Vielen Dank für Deinen Brief vom 10.02.91. Er hat große Freude bei mir ausgelöst, ein echtes Geburtstagsgeschenk. Ich war regelrecht euphorisch, mal wieder etwas von Dir zu hören und auch sonst irgendwie… Du kannst getrost für Dich verbuchen, daß mir Deine Briefe (und meine Antworten) inzwischen ein schier unverzichtbarer Teil meines (politmoralischen?) Seelenlebens geworden sind. Wahrscheinlich bin ich als visueller Typ für mein Wohlbefinden auf die Möglichkeit angewiesen, meine Gedanken schriftlich zu ordnen. Und zu ordnen gibt es immer noch eine Menge.

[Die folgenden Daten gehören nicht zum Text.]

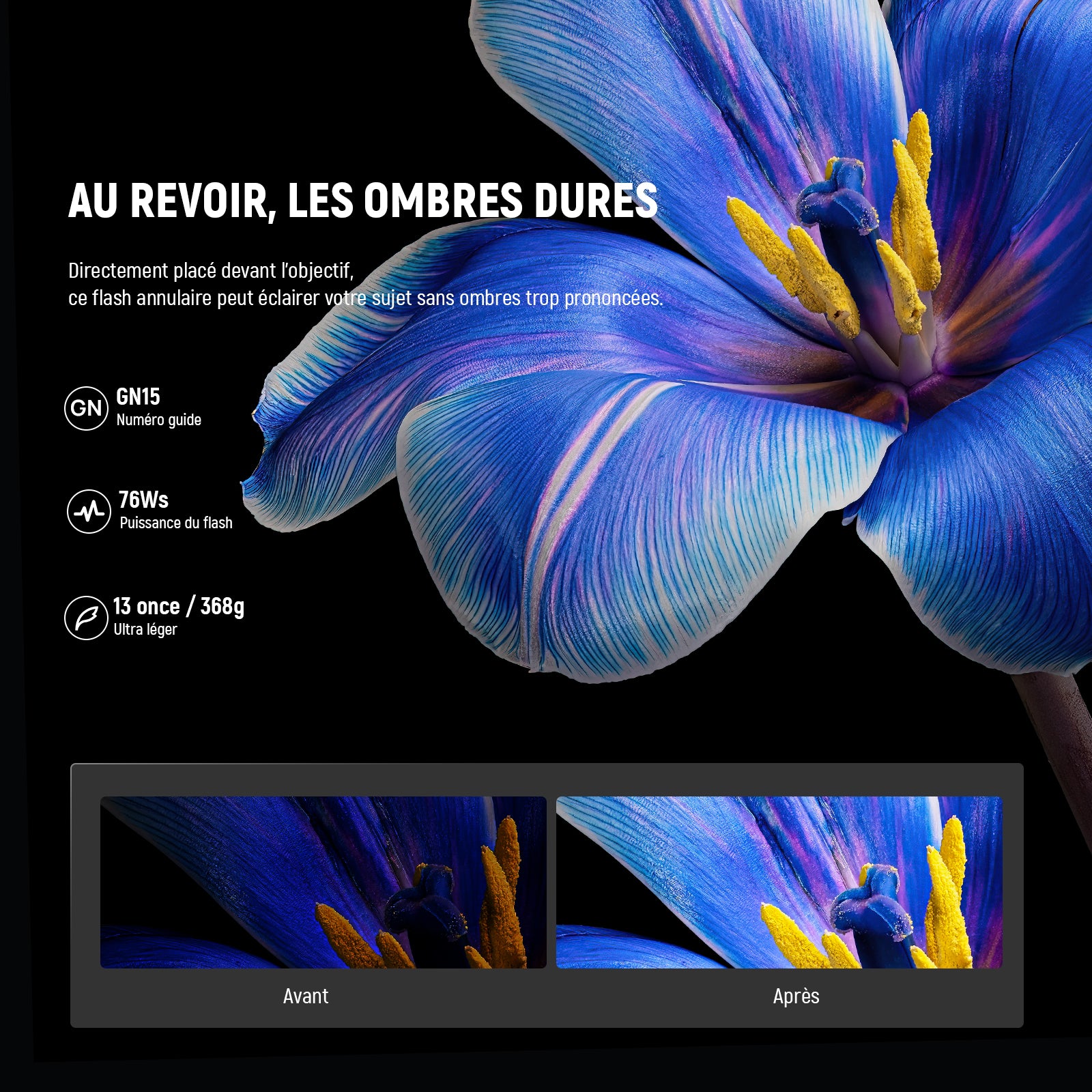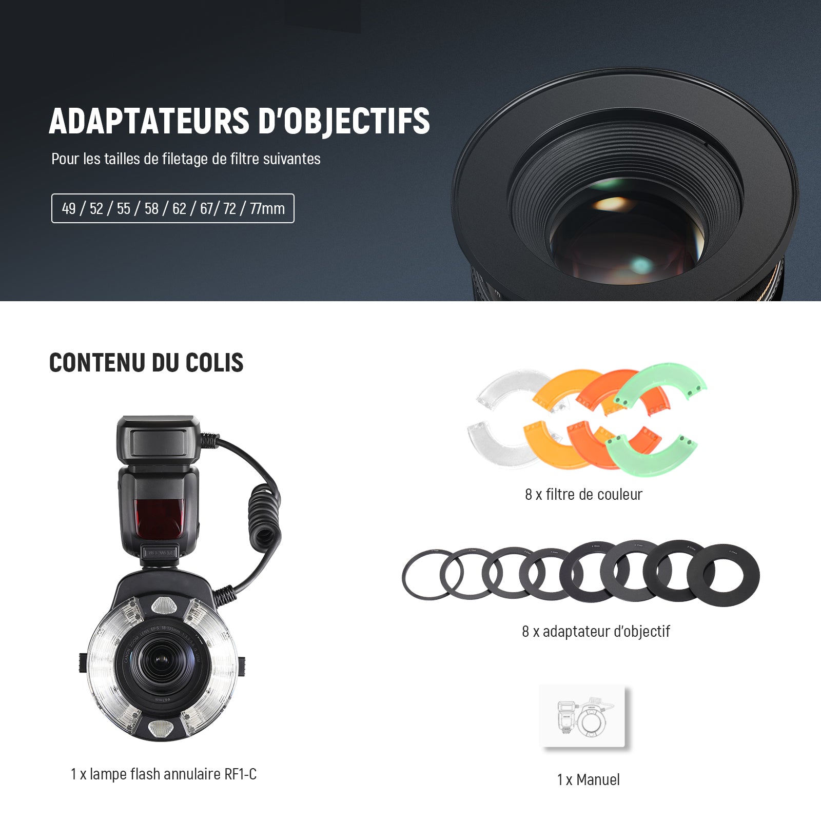 - 【Flash annulaire macro pour appareils photo Canon EOS】 RF1-C est un flash annulaire macro pour Canon, idéal pour les plantes, les insectes, les accessoires et autres sujets de macrophotographie. Une couverture de flash large de 80° sous tous les angles peut éclaircir uniformément les sujets, minimiser les ombres dures et éviter le vignettage. Pesant 13oz/368g, cet anneau flash compact et léger est applicable dans toutes les situations, larges ou étroites
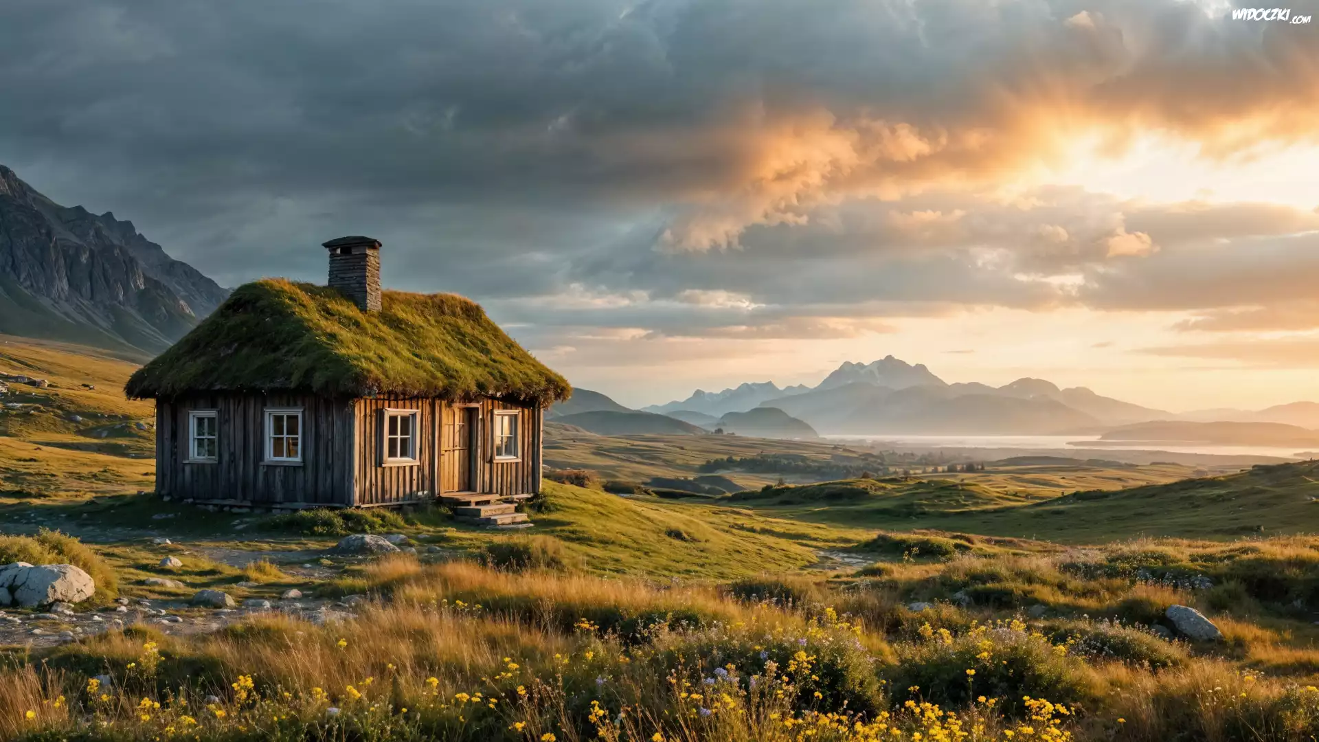 Zdjęcia, Góry, Drewniany, Dom, Łąka, Kwiaty, Niebo, Chmury

In diesem Sinne hier also gleich der nächste Brief, in ungewohntem Tempo. Mein Minister erhöht ab Ostern das Porto und redlich bemüht, ein pfiffiger Bundesbürger zu werden, lasse ich selbstverständlich die Gelegenheit, noch schnell 50 Pf zu sparen, nicht aus.

 

Seit voriger Woche drehen die Ossis nun wieder ihre Runden. Zumindest beim zweiten Mal scheint es auch im Westen ausreichenden Eindruck gemacht zu haben, denn das ZDF berichtete letzten Montag an erster Stelle darüber, und so wird es in Leipzig sicher nicht die letzte „Montags-Demo“ gewesen sein.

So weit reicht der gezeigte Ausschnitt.